> _TASK INSTRUCTIONS_
In the entries below, repeat only the lines between those holding "work or gaming." and "保暖套装 俞兆林7A抗菌羊绒蚕丝贴片男女同款 香菇双十一", inclusive. Leave pictures out.

> _INPUT MATERIAL_
BEGIN

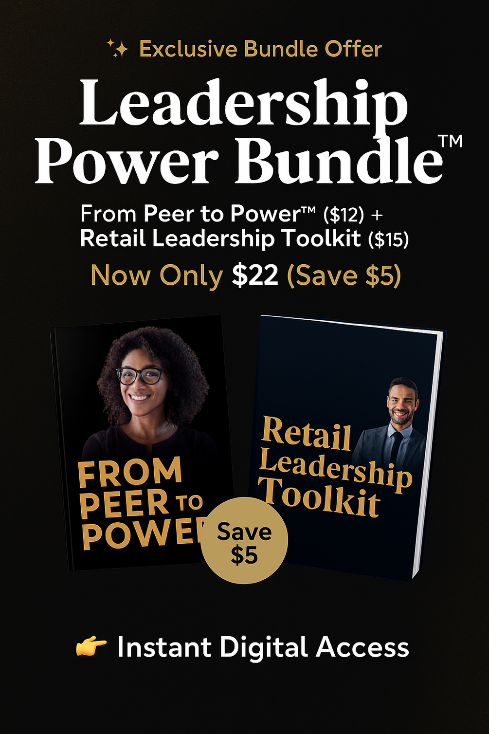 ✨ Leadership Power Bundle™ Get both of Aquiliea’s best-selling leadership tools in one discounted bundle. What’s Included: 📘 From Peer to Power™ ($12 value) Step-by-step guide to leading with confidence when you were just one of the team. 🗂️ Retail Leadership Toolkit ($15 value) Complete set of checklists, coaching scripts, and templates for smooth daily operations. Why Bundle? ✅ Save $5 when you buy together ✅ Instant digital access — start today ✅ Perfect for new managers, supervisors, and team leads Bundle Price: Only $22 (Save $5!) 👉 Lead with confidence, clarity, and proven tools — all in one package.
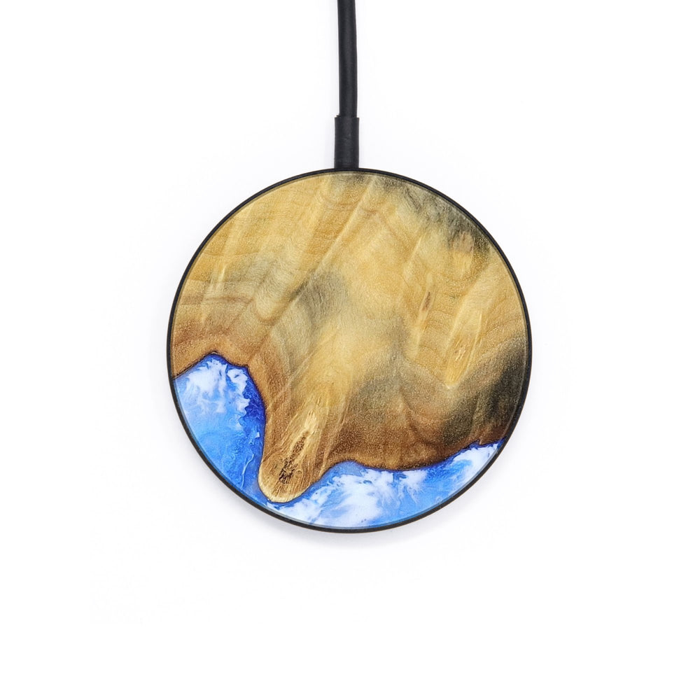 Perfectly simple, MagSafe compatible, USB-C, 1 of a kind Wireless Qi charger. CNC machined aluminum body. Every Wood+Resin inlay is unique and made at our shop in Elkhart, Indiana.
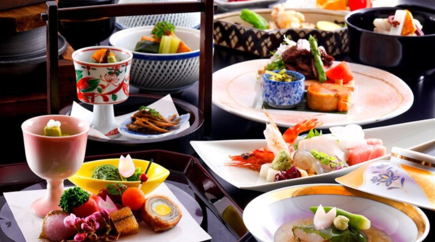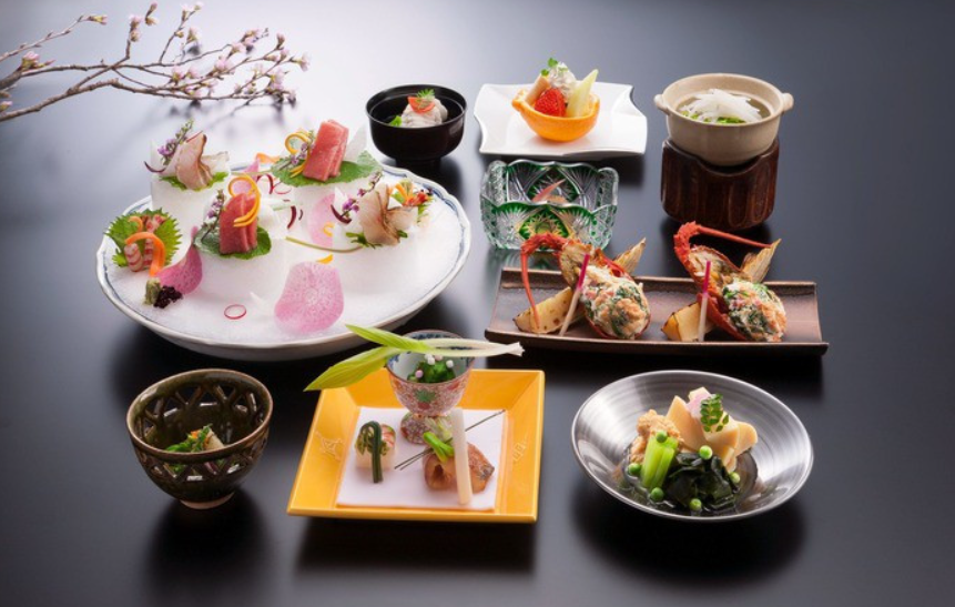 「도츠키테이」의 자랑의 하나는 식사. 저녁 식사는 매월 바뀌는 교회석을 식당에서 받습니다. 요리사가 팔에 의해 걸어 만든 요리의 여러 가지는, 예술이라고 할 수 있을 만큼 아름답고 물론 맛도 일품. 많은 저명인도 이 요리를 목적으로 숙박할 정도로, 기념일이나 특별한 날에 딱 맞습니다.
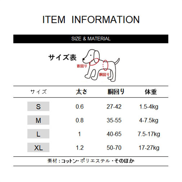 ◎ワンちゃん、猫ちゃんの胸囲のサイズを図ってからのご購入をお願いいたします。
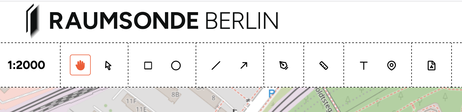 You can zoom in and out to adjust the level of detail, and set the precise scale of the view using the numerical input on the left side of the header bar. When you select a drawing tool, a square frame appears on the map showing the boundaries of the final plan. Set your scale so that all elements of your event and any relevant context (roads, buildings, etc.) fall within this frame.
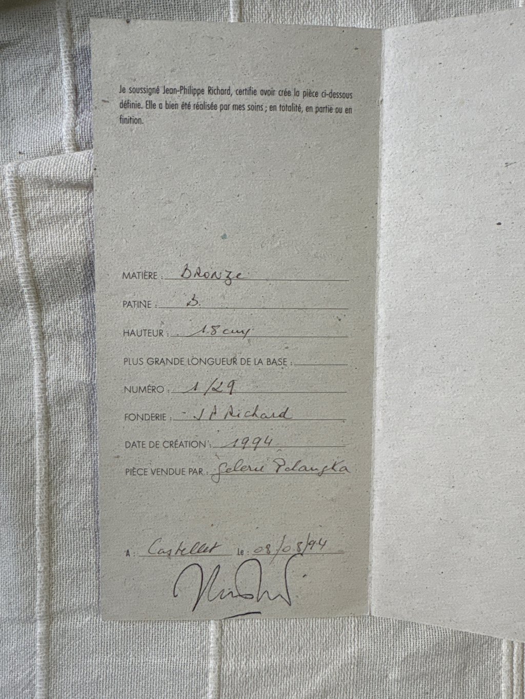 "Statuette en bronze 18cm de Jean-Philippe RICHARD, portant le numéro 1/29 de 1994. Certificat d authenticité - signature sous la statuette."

END
BEGIN

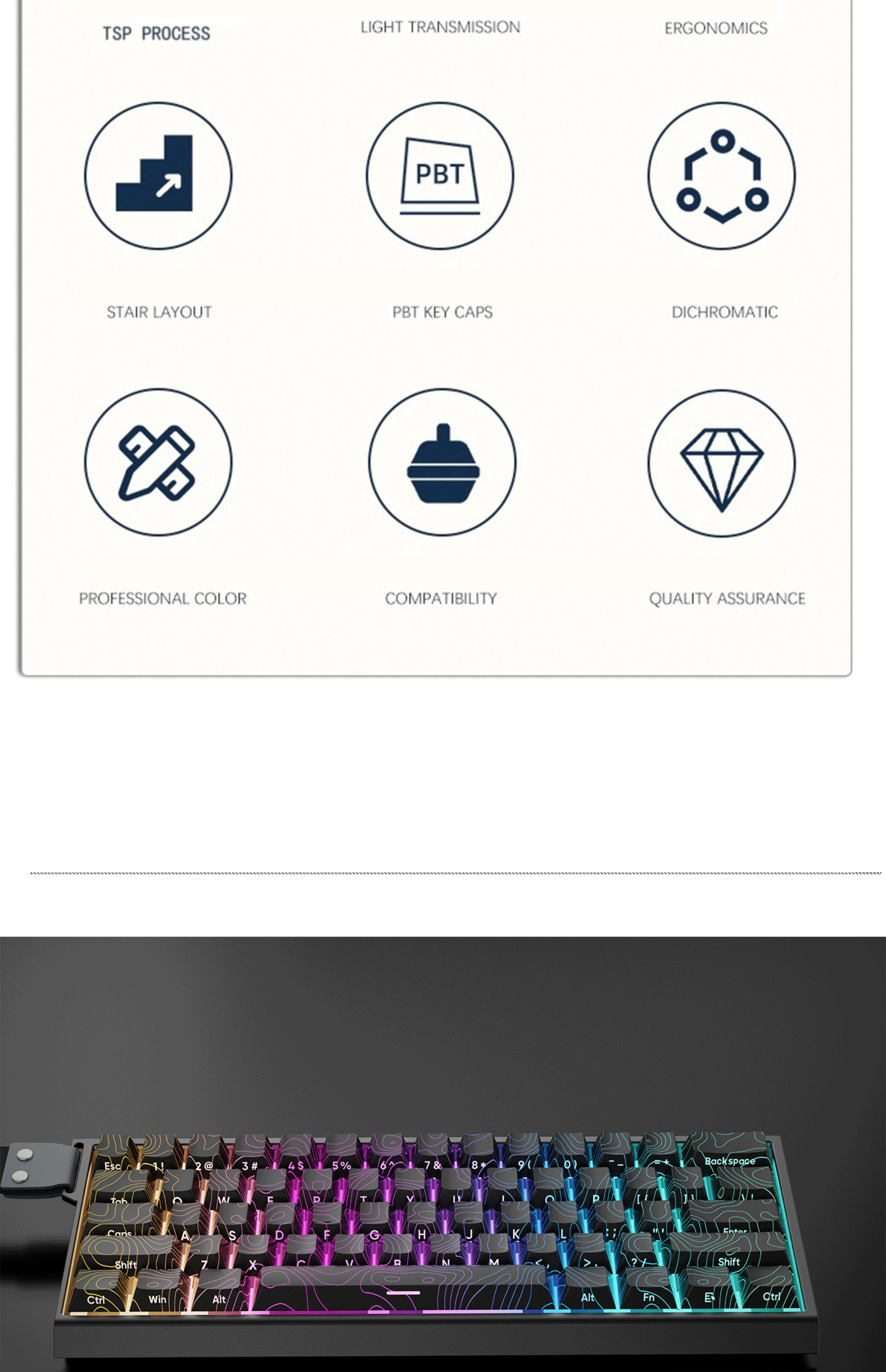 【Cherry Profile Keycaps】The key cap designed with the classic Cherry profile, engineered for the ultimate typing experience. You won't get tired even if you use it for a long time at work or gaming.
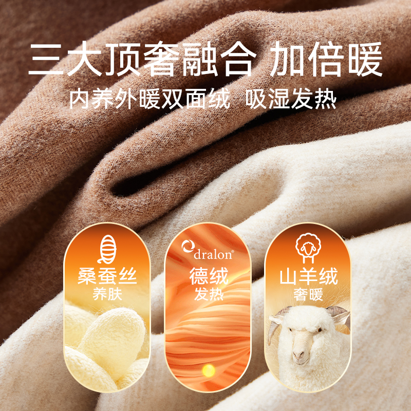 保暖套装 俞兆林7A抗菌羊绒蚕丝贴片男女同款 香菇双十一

END

> _RESULT OF THE TASK_
 【Cherry Profile Keycaps】The key cap designed with the classic Cherry profile, engineered for the ultimate typing experience. You won't get tired even if you use it for a long time at work or gaming.
 保暖套装 俞兆林7A抗菌羊绒蚕丝贴片男女同款 香菇双十一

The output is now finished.